Brick and mortar will never die
And why that’s a good thing
Earlier this month I was invited to Dublin to speak on a panel at the Web Summit conference about how the on-demand economy is changing how we work, and traditionally offline companies were coming online. I was joined by Leura Fine of Laurel and Wolf, an amazing interior design marketplace that connects clients virtually with designers, and Alex Stephany of JustPark, a platform that matches drivers with parking spaces. I was there as the CEO of Reserve, a digital dining concierge service that helps people find great restaurants, make a reservation and seamlessly pay or split the check after the meal.
We were there to share our learnings as successful entrepreneurs, and it was great to be around so many young companies who were excited about digitizing offline services — an important step to help many industries connect and continue to evolve in our connected world. But I came away wishing I had stressed one point more strongly — an important thing to remember for any Internet entrepreneur:
Brick and mortar will never die. — Tweet this
There are some industries that will never fully go online — and that’s a good thing. You can’t park your car in a digital garage, and few people get excited at the thought of a 3D-printed Spaghetti Carbonara. Brick and mortar will never die in part because we live in a physical world, and necessarily need to interact with real-world businesses. The persistence of these establishments means there are substantive and interesting opportunities for entrepreneurs to help bridge our online and offline lives.

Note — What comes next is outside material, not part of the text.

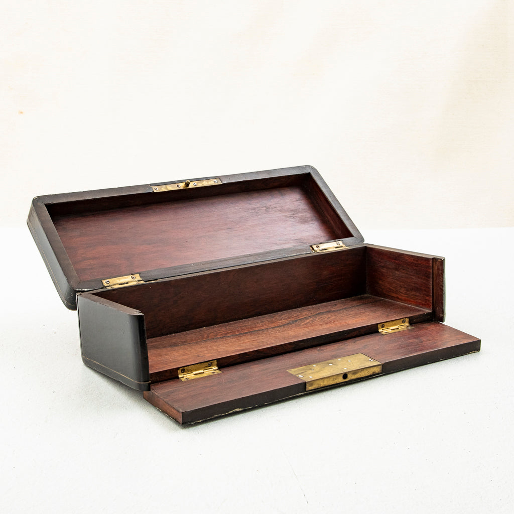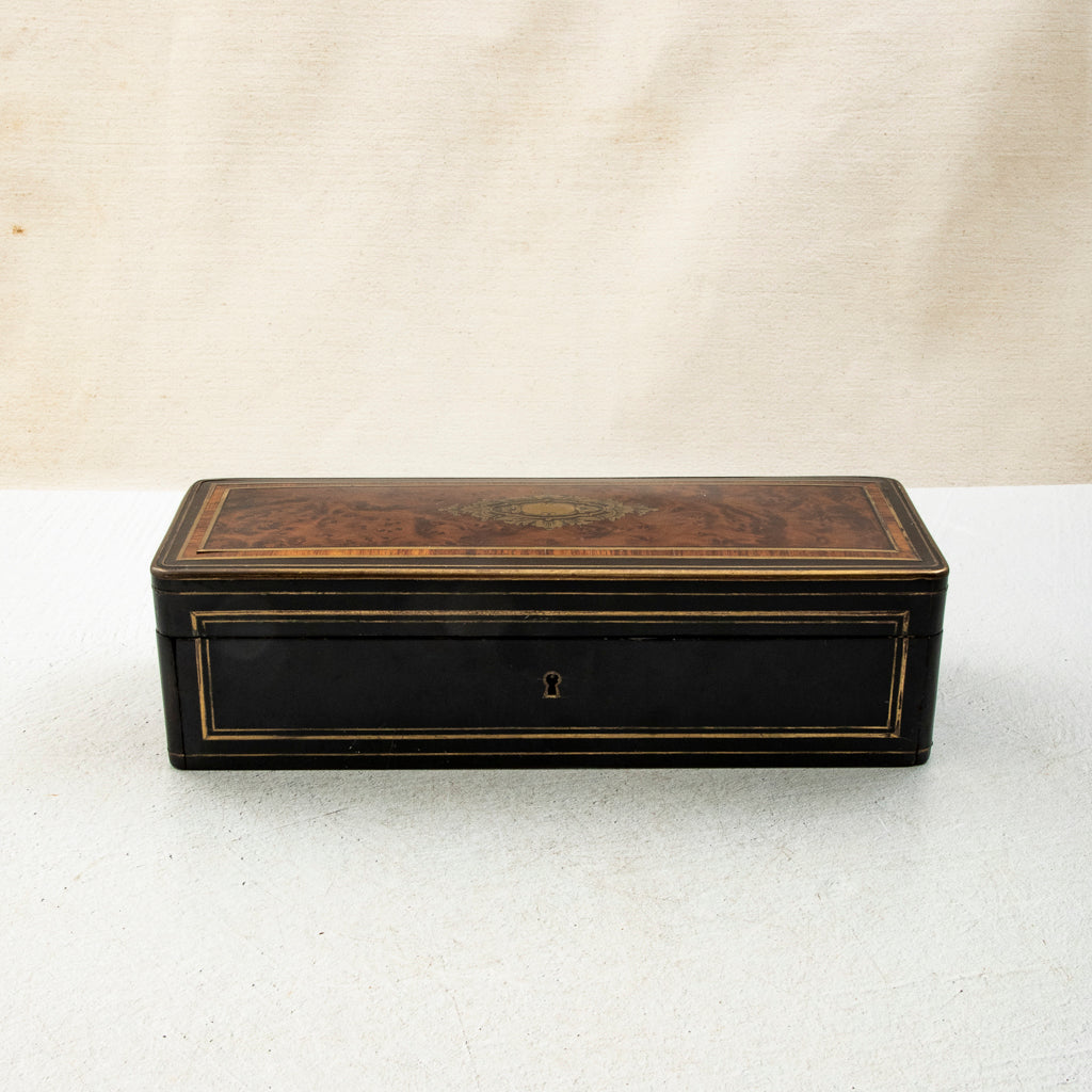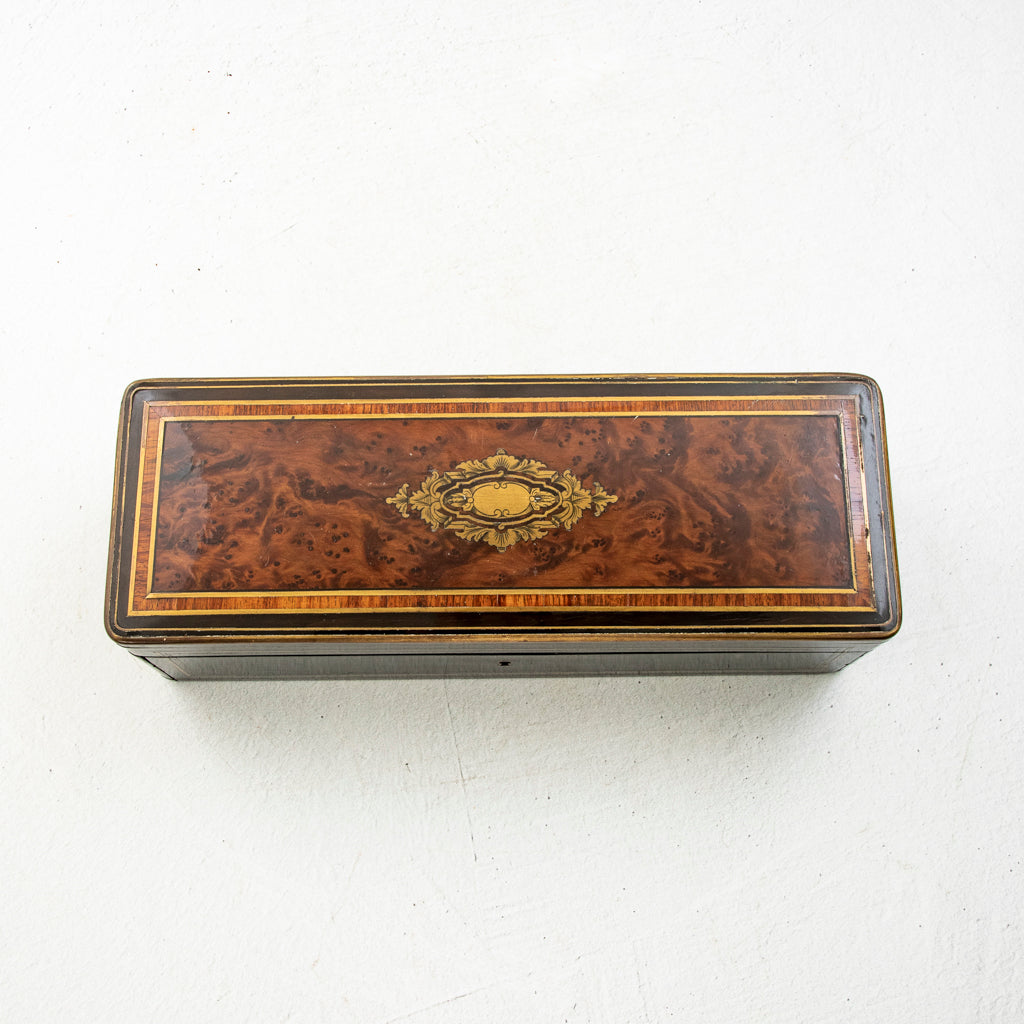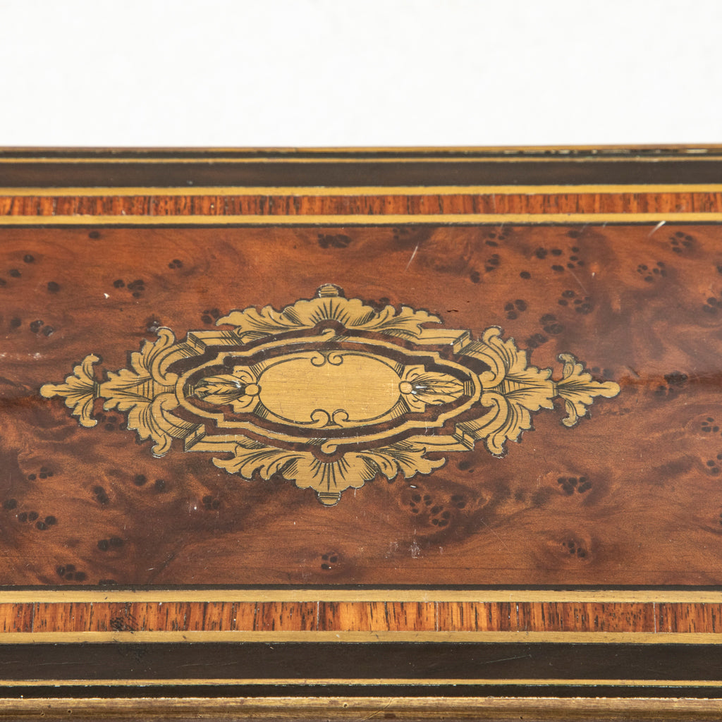Mid nineteenth century Napoleon III period marquetry glove box with bronze inlay, c. 1860. Thuya, rosewood, and inlaid bronze. No key. 3.25" H X 11.5" W X 4" D ...

But brick and mortar will also never die because there are some things that are just fundamentally better to do in person. There’s no real digital equivalent to meeting up and breaking bread with old friends, or sharing a meal with new ones. And it’s striking that the most digitally savvy generations, millennials, are embracing real-world experiences like dining out; millennials actually go out to eat more than any other generation in history.
Still, online is changing and shaping offline experiences in all sorts of ways. A couple of months ago, as part of a series on the WTFEconomy, Tim O'Reilly did a great job of outlining how Instacart partners with grocery stores — providing on-demand logistics that at the end of the day create a new way for shoppers to engage with stores and purchase goods.
Companies like JustPark, Breather NYC, Reserve, Uber and others are making traditionally offline services or assets (like parking spaces, conference rooms, restaurant tables, cars, etc.) digitally bookable online, and in turn creating new ways for people to interact with the world around them, bridging the gap and helping our digital and physical lives be a bit more seamless. And rather than seeing brick and mortar as a competitor to conquer, none of our businesses would last long without our real-world assets. In fact, at Reserve one of our goals is to try and make our restaurant partners as successful as possible — I would guess Instacart feels the same way about their grocery partners.
How do you see online and offline companies working together? Do you think it’s still a competition? Mutually beneficial cooperation? Or a mix in between?